2.3 Relevant research on the innovation of new energy enterprises

Research on new energy enterprise innovation predominantly centers on the new energy vehicle industry. Various scholars have examined the effect of trade policy uncertainty on enterprise innovation (Hs and Fei, 2021), the impact of multi-dimensional proximity on cooperative innovation (Yu et al., 2018), and the efficacy of different forms of subsidies on enterprise innovation and progress (Liu et al., 2022). However, current research on innovation within the new energy industry at the national level concentrates mainly on measuring investment or production efficiency, without exploring innovation efficiency in depth. Wen et al. (2022) conducted a study using data from China’s listed new energy firms from 2007 to 2019 to examine the link between fiscal policy uncertainty and enterprise innovation investment was examined. The research findings indicate that the uncertainty surrounding fiscal policies significantly reduced the investment in innovation by new energy enterprises. In another study by Chen et al. (2022), the innovation efficiency of the new energy vehicle industry was analyzed from the perspective of the industrial chain. The study highlighted the significant contribution of management efficiency in driving industrial innovation efficiency. Wang et al. (2021) examined the determinants affecting the innovation performance of new energy enterprises in China under industrial policy’s purview, utilizing a genetic algorithm for evaluation purposes.

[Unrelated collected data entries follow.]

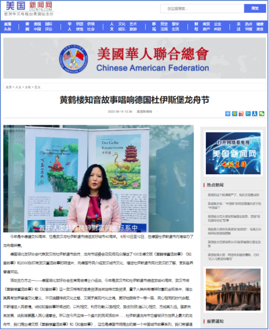 2022年6月,在杜伊斯堡举办的号称全球最大的趣味龙舟赛上,武汉将德文版绘本《黄鹤楼童话故事》《知音故事》和印有武汉童话故事的明信片赠送给杜伊斯堡市政府、龙舟节组委会和现场观众。赠书活动活动采用“跨国连线+现场直播”的传播形式,超过55万中德友人在线观看,获赞过万,境内外媒体对此次活动也给予充分关注。
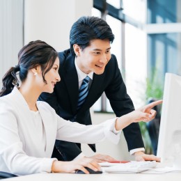 OJT形式にて先輩社員と一緒に、専用システムの使い方など
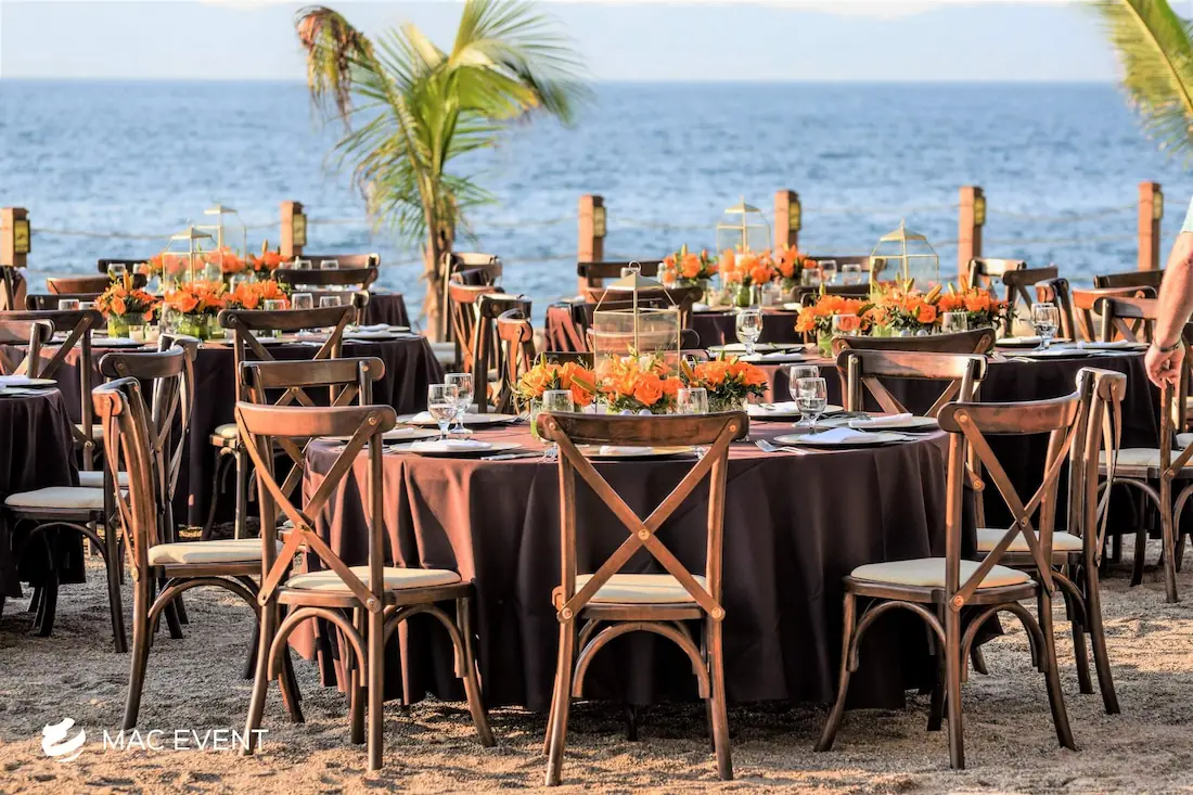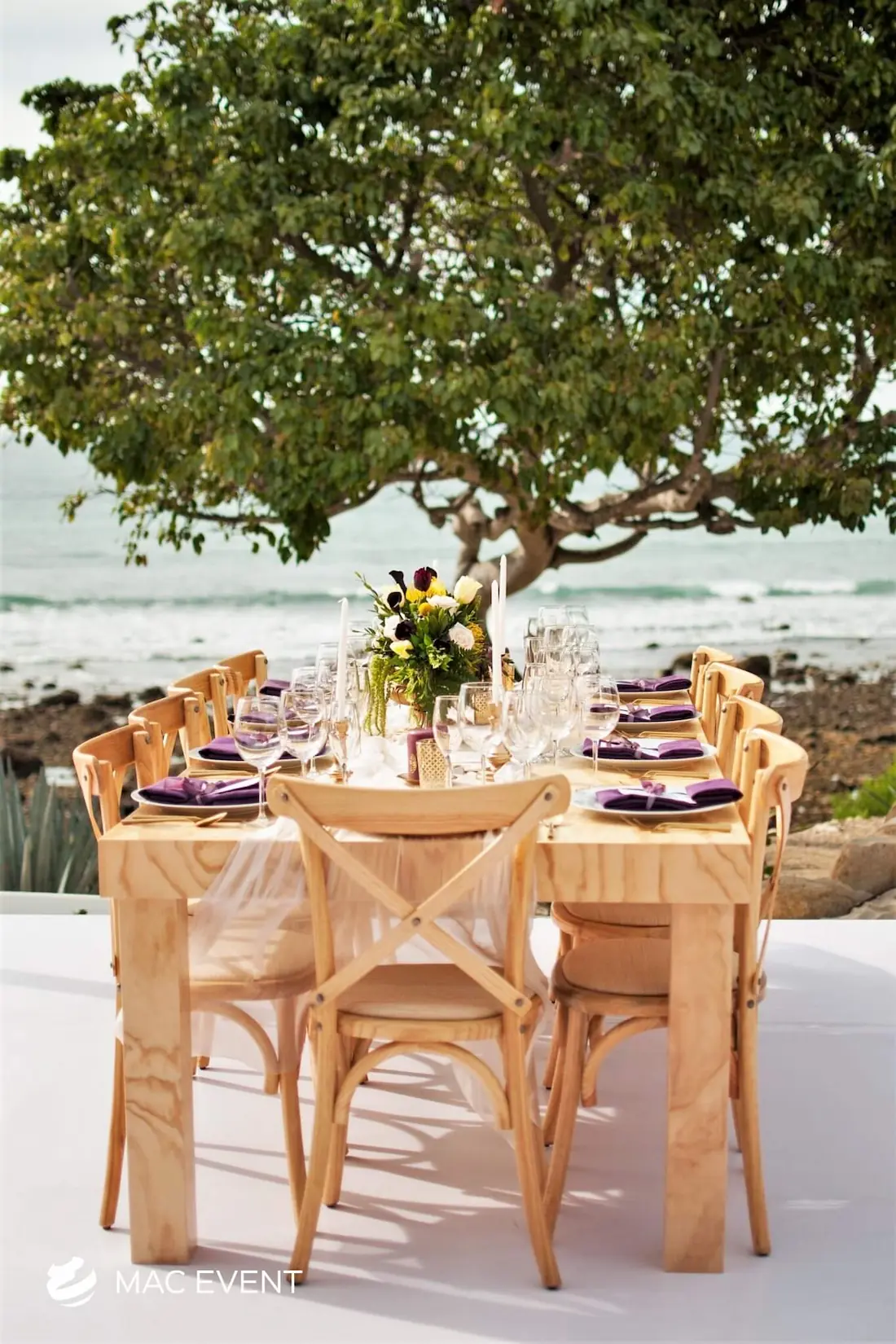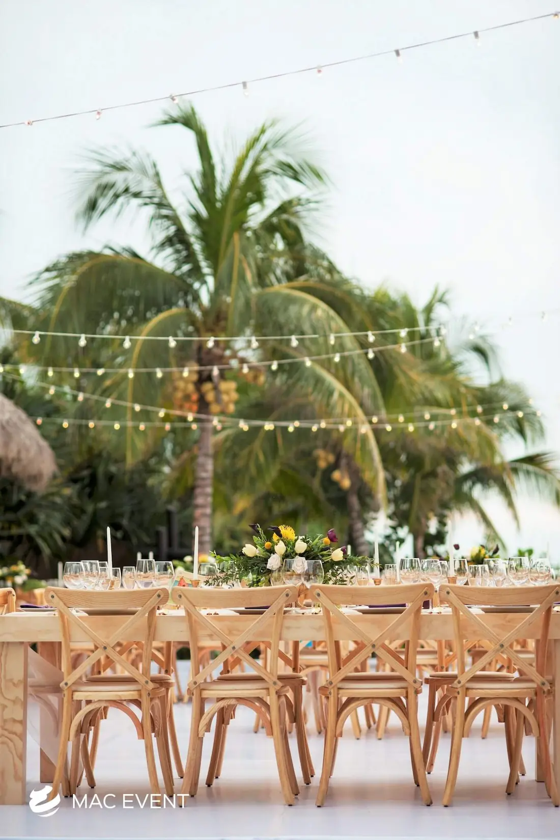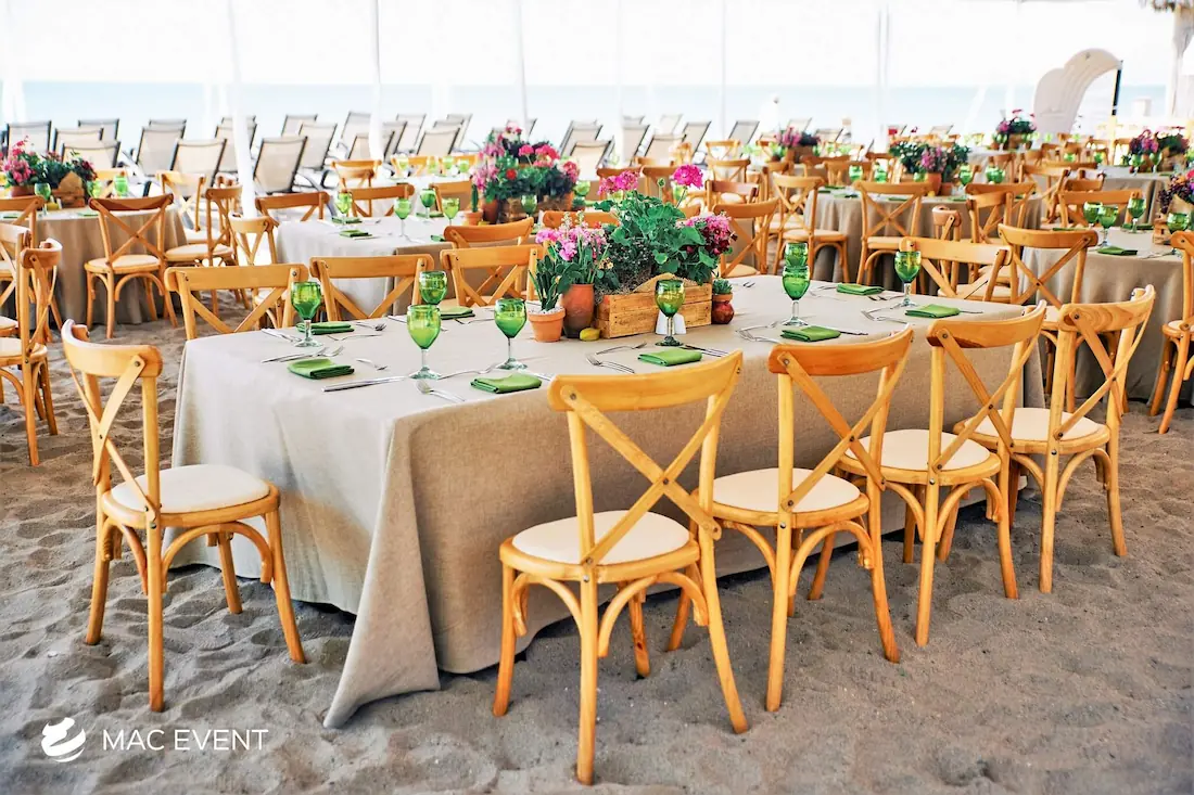 Our cross back chairs are a popular choice for rustic and elegant weddings and events in Holbox. Featuring a charming design and sturdy construction, they add a touch of country chic to your seating arrangements.
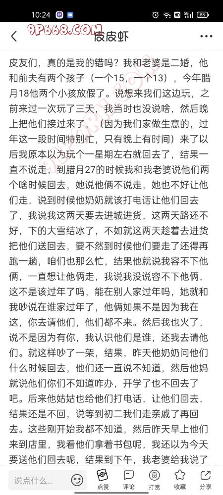 从来就没说过他们,只是想的是过年了,让他们回家过年。而我老婆又说他们俩两年没跟着她过年了,就想跟着她过个年。哎,这两天吵的不可开交
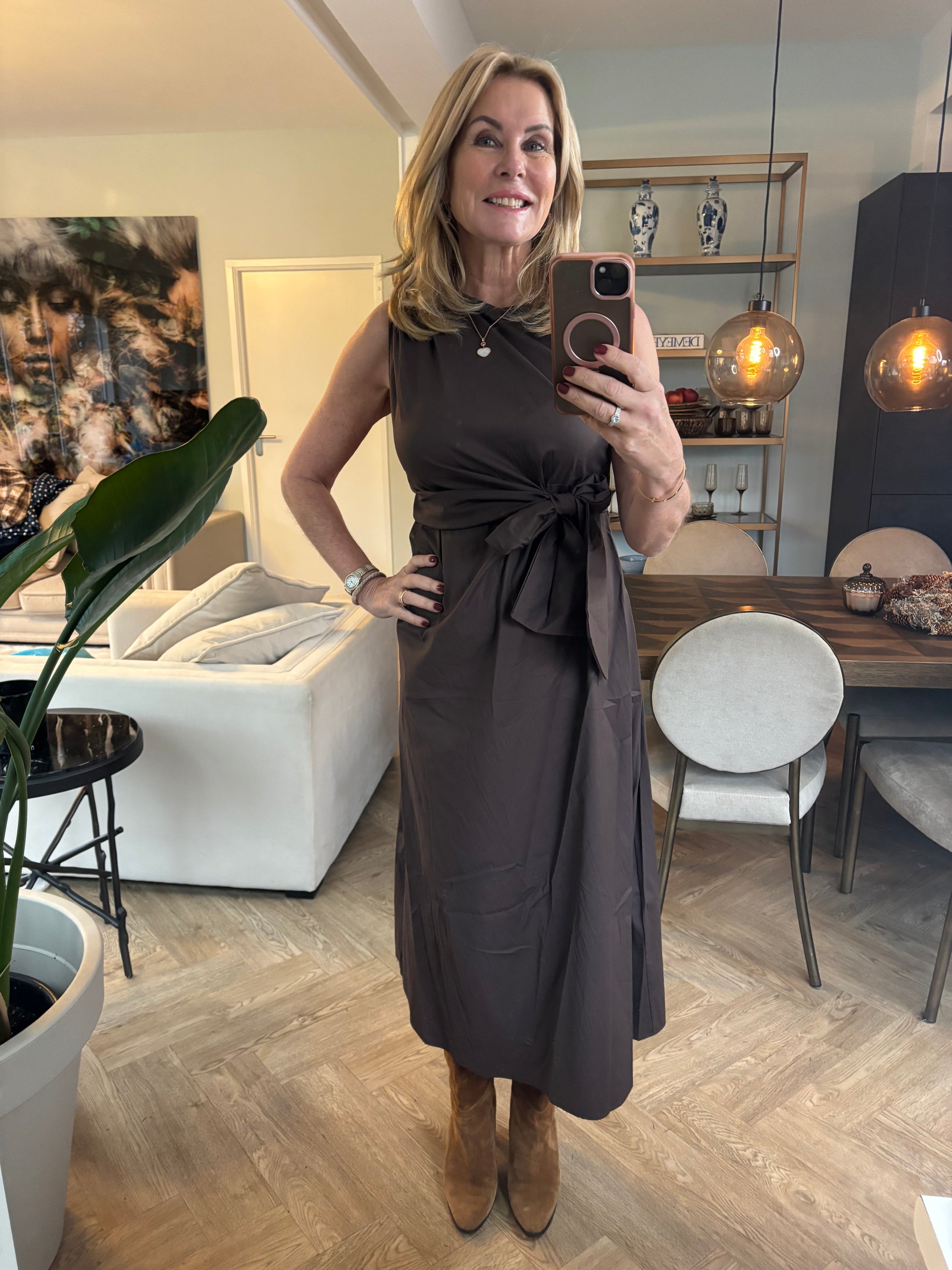 Hoe feestelijk is deze chocolade bruine jurk met strik , de jurk is 1 maat en valt als s/m . Leuk met laarzen, pumps of flatjes .
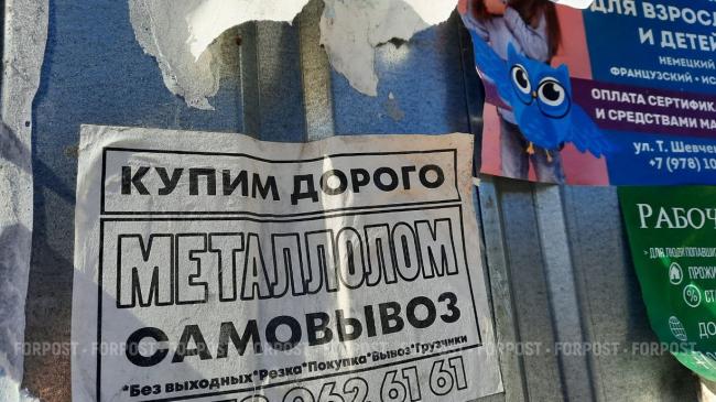 Стоит задуматься о целесообразности продолжения своего преступного промысла и тем, кто открыл нелегальные пункты приема металлолома. На этой неделе под руководством начальника Гагаринского районного отдела милиции подполковника Владимира Река проводился рейд по выявлению нелегалов. В ходе его было составлено 13 протоколов в отношении граждан, которые нелегально скупали металлолом. По сведениям начальника службы защиты имущества ОАО "Укртелеком" Игоря Судака, рейды будут проведены во всех районах города. Сотрудникам милиции было бы целесообразно наведаться на улицу Полтавскую, где уже несколько лет функционирует нелегальный "металлист".
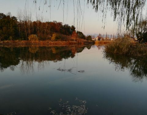 在义乌赤岸附近,一个不要门票的小景点,不大人也还挺多的,可以划船、登山
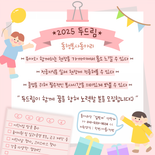 ‘두드림’은 단순한 봉사가 아닌, 예비 유아교사로서의 성장과 배움을 함께할 수 있는 소중한 기회가 될 것입니다.
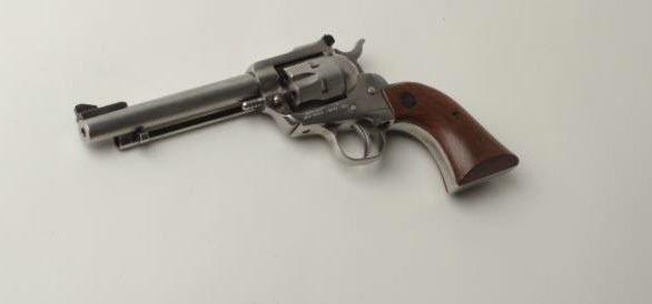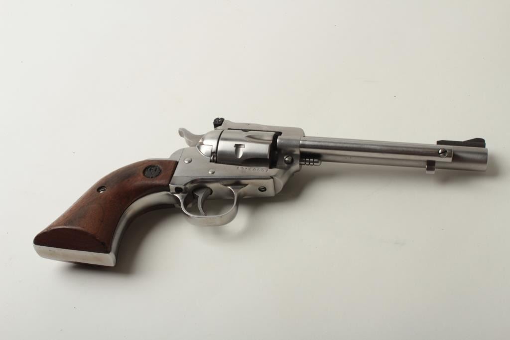 Ruger New Model Single Six .22 caliber S.A. revolver in stainless steel with a 5 ½” barrel, S/N 63-58667. One cylinder and .22 L.R. only. In very good plus used condition. (Modern/PPT) Est.: $250-$500
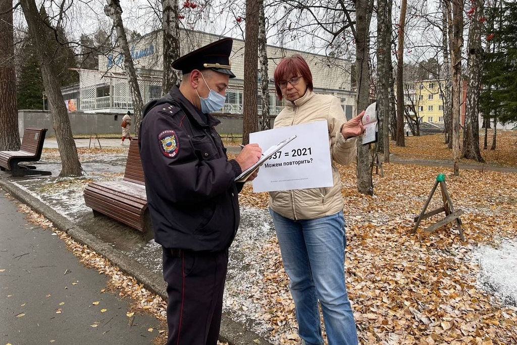 Позже на Ильича с плакатом «Пытки запрещены законом?» вышел мужчина. На пикет также вышла независимая депутатка новосибирского горсовета Светлана Каверзина. К ней тоже подошел сотрудник полиции вместе с женщиной в черной одежде и с видеокамерой.

In conclusion, the existing literature has laid a solid foundation for studying the innovation efficiency of new energy enterprises, and identifies gaps for further exploration in the following areas: First, the existing literature primarily concentrates on static analysis. Nonetheless, the disproportionate growth of China’s new energy in different regions emphasize the need for dynamic approaches. The static measurement approach inadequately investigates the impact of spatial factors. Consequently, this has compromised the precision of the measurement outcomes. Though some studies have implemented the frontier analysis method, it has not sufficiently distinguished between distinct phases of R&D activities. Second, for the trend analysis of evolution typically, σ-convergence and β-convergence methods are utilized. However, a lack of thorough discussion exists concerning the primary drivers of innovation efficiency evolution in new energy firms. Although conditional β-convergence may be employed for linear analysis of influencing factors, it fails to fully reflect the intricate and nonlinear impact of related factors on the innovation efficiency of the new energy industry. This consideration is especially crucial considering the industry’s rapid development in recent years. This paper tackles the mentioned matters by the SFA model to assess the innovation efficiency of China’s new energy enterprises, and proposed a threshold model grounded on β-convergence to investigate the main factors’ impact on the innovation efficiency’s dynamic evolution.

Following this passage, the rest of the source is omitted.